Agora, quando ninguém pode mais fingir desconhecer que praticamente todos os partidos, começando por PSDB e PMDB, são bancados por empreiteiras (e bancos, e indústrias e outras empresas), Gilmar diz que não podemos ir para a eleição do ano que vem sem uma nova regulamentação. “Agora imagina o que vai ser uma eleição presidencial, em que vamos ter esta corrida de elefantes, com um sistema sem regulação”. Que ela venha logo, antes de setembro para que possa vigorar no ano que vem, adverte. A Constituição exige que regras eleitorais sejam votadas um ano antes do pleito. Então, para estar pronta em setembro, esta nova regra teria que começar a ser discutidas agora. Nem Gilmar, nem FHC, nem os ministros do STF sabiam que o caixa dois comandava o sistema eleitoral brasileiro. “Temos que encontrar um outro meio de financiamento eleitoral que não seja esse”, diz Gilmar, que segurou por mais de um ano a ação da OAB que arguiu, e fez prevalecer, a proibição das doações privadas, ora em vigor. Em 2012, Gilmar e a maioria do STF não sabiam que o meio era esse, e que não apenas o PT se valia dele.

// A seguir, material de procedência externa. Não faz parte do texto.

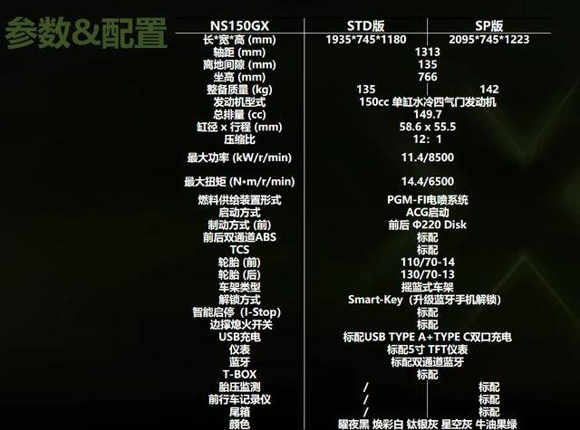 高配版本還有帶胎壓監(jiān)測、行車記錄儀還有50L快拆金屬尾箱加上自帶的超大座桶空間。此外NS150GX還配備5種花色可以選擇。
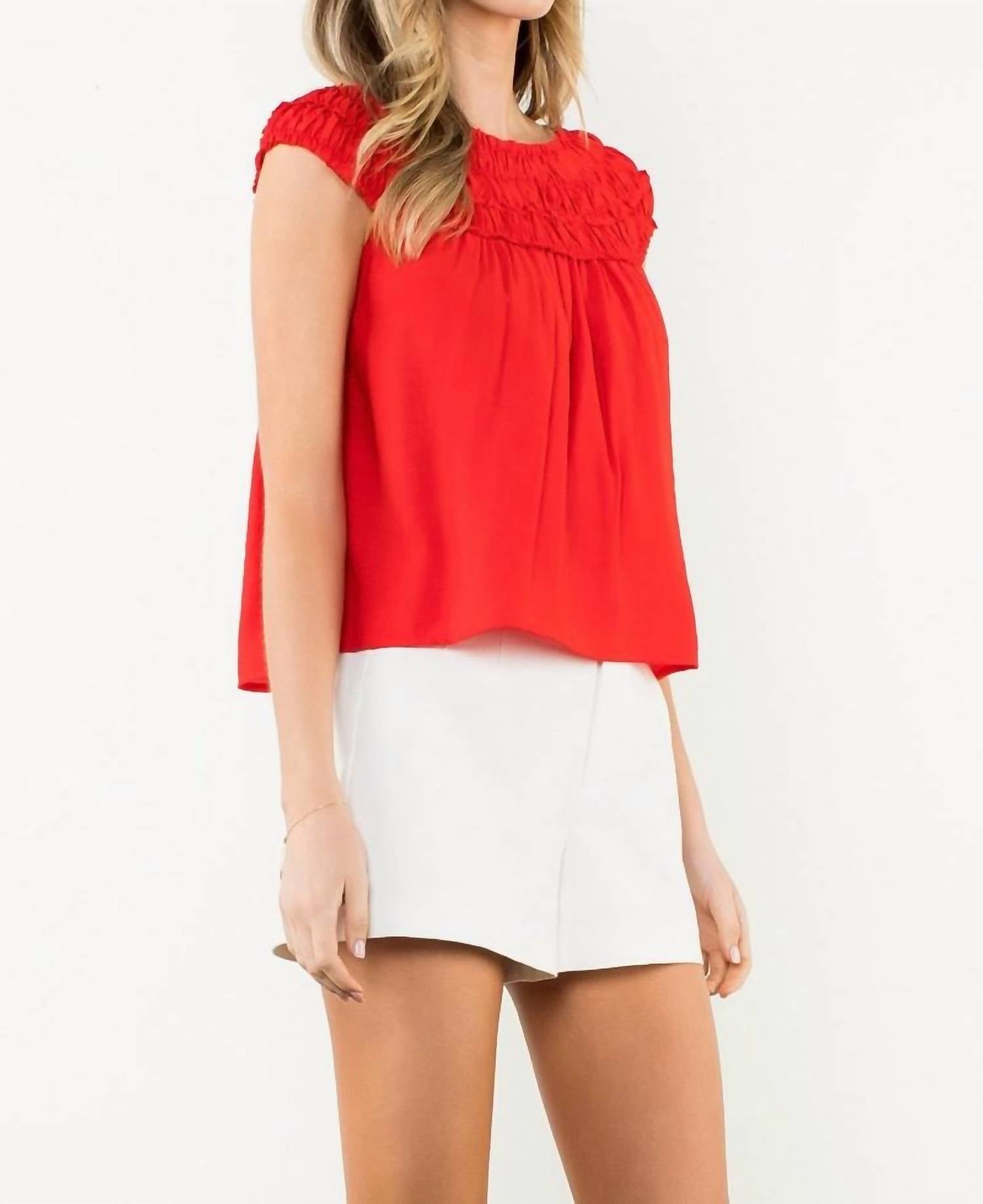 Pair this with your favorite jeans and slides for your next girls night out. Introducing the Love Shirred Round Neck Top by THML, a chic addition to your wardrobe in a vibrant red hue. This sleeveless blouse is composed of 80% Tencel and 20% Nylon, with a comfortable scoop neckline and a pull-on closure. Its lightweight Lyocell material makes it perfect for spring evenings or a stylish dinner party look. Care: Machine wash.
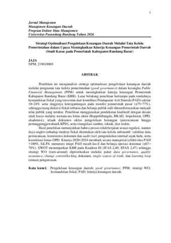 JAJA (2026) Strategi Optimalisasi Pengelolaan Keuangan Daerah Melalui Tata Kelola Pemerintahan dalam Upaya Meningkatkan Kinerja Keuangan Pemerintah Daerah (Studi Kasus pada Pemerintah Kabupaten Bandung Barat). Disertasi(S3) thesis, UNIVERSITAS PASUNDAN.

Realmente, um festival de hipocrisias assola a terra dos papagaios. Uma das mais descaradas é a que tenta nos convencer de que Michel Temer não tratou atuou na captação de dinheiro ilegal, pois no jantar com Marcelo Odebrecht não discutiu valores. Pediu mas não fixou a cifra. Logo, está limpo. Depois da sobremesa e do café ele pediu licença e deixou que Eliseu Padilha ficasse na mesa com os homens da empreiteira acertando o pagamento dos R$ 10 milhões, que depois passaram a ser R$ 11,3 milhões. No poder, as coisas são assim mesmo. O “chefe” nunca se rebaixa para falar em cifras. Para isso, tem seus operadores. Mas a palavra que pesa é a dele e o próprio Planalto, em nota, reconheceu que Temer “pediu auxílio formal e oficial” para a chapa presidencial de 2014, onde figurava como vice. Sua defensa tenta negar até nota oficial. Marcelo Odebrecht, ao dizer que Temer não falou em valores, também lançou-lhe uma boia salva-vidas. Lealdade de classe. Mas ontem seu ex-executivo Claudio Mello Filho reafirmou que houve o pedido e que os valores foram discutidos.

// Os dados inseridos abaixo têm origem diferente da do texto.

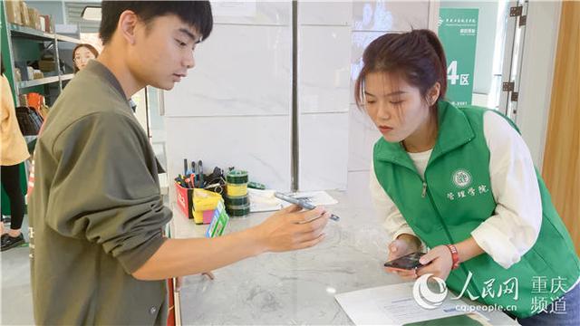 “同学,请扫描二维码,填写您的寄件信息。”9月24日10:30,在重庆工商职业学院校园邮驿内,物流管理专业大二学生刘沁渝微俯着身子,熟络地向前来寄件的同学介绍包裹收寄流程,验视、打包、计量、打印一气呵成:“请拍下您的快递单号,直接搜索单号就能查询到物流情况。”
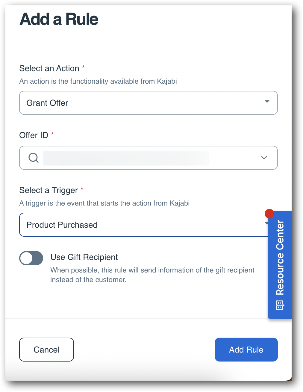 Once you have your Action selected, additional fields will appear to finalize your rule. For Kajabi you'll need to enter in the Offer ID that you would like to apply to that rule. You can click inside the Offer ID box to bring a drop down of all your available offers from Kajabi.
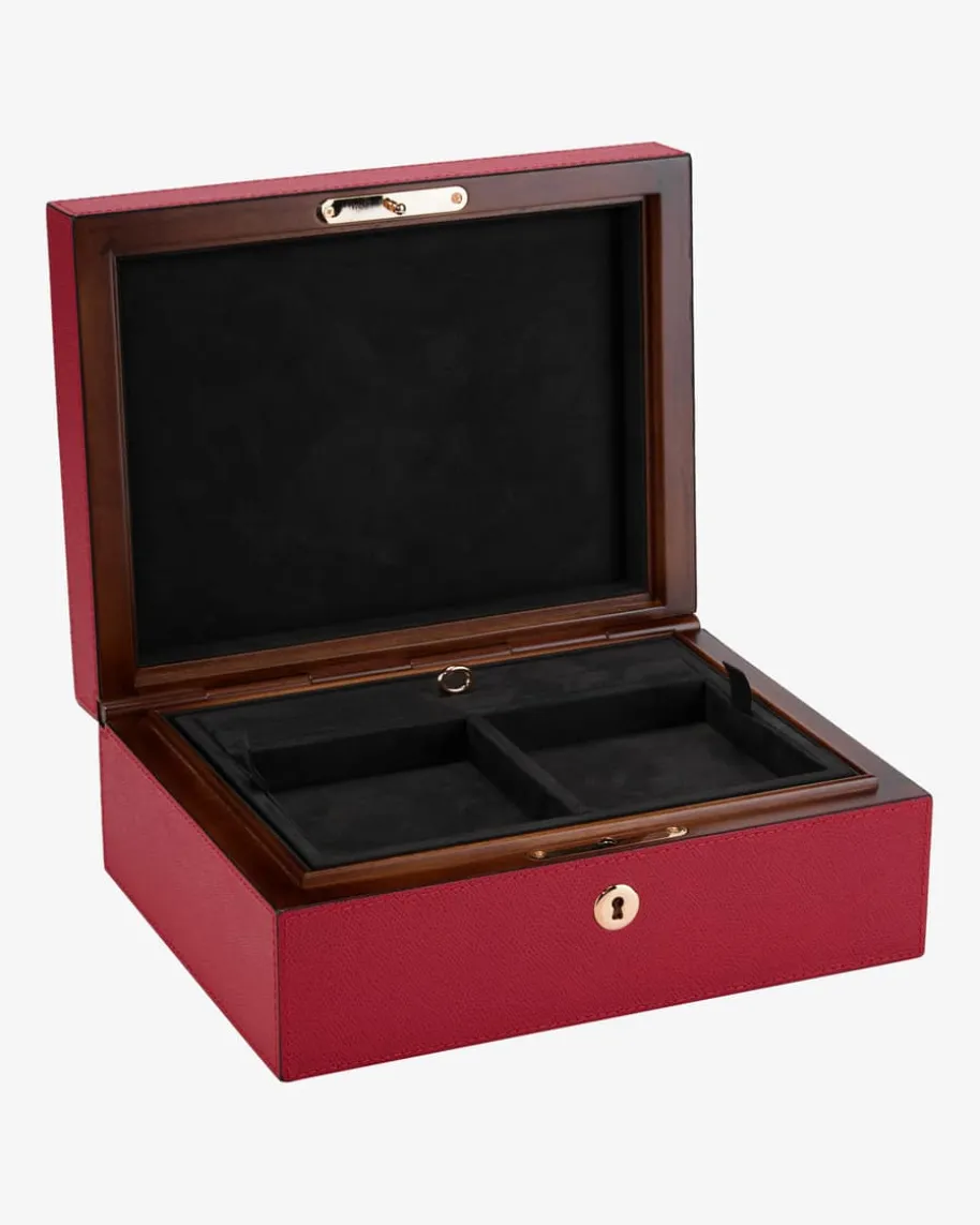 Schmuckkästchen von Giobagnara in Rot. Handmade in Italy – Feinste Leder-Verarbeitungen zeichnen die italienische Luxusmarke aus. Aus hochwertigem Lederund Walnussholz gefertigt, präsentiert sich das Modell als perfekte Aufbewahrungfür Ihren Schmuck.
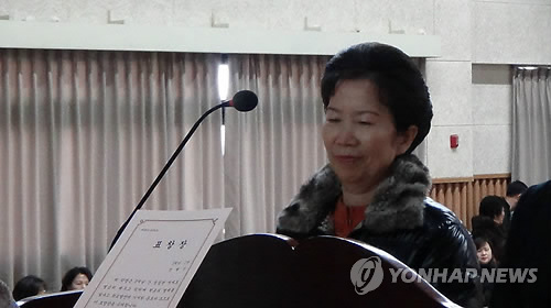 | △ 중학교 졸업하는 왕언니 성락순씨 (청주=연합뉴스) 6일 청주시 원봉중학교에서 열린 졸업식에서 성락순(62)씨가 표창장을 받고 있다. 초등학교를 졸업하지 못한 성씨는 배움에 대한 열정을 포기하지 않고 2012년 이 중학교에 입학, 3년간의 교육과정을 마치고 이날 졸업했다. 2015.2.6 <<원봉중학교 제공>> vodcast@yna.co.kr |

Então fica combinado entre todos, inclusive com o TSE: até aqui, ninguém sabia que nossa democracia era de araque. Que o voto tinha preço e que quem arrecadasse mais dinheiro do caixa dois conseguiria comprar mais votos, turbinando campanhas e contratando marqueteiros a peso de ouro. Agora que estamos sabendo de tudo isso, vamos mudar as regras e daqui para a frente será tudo diferente. Bem, houve aqueles petistas condenados lá atrás por caixa dois, ou melhor, por corrupção passiva sob a forma de caixa dois. Foi um acidente, o que está feito está feito e vamos em frente.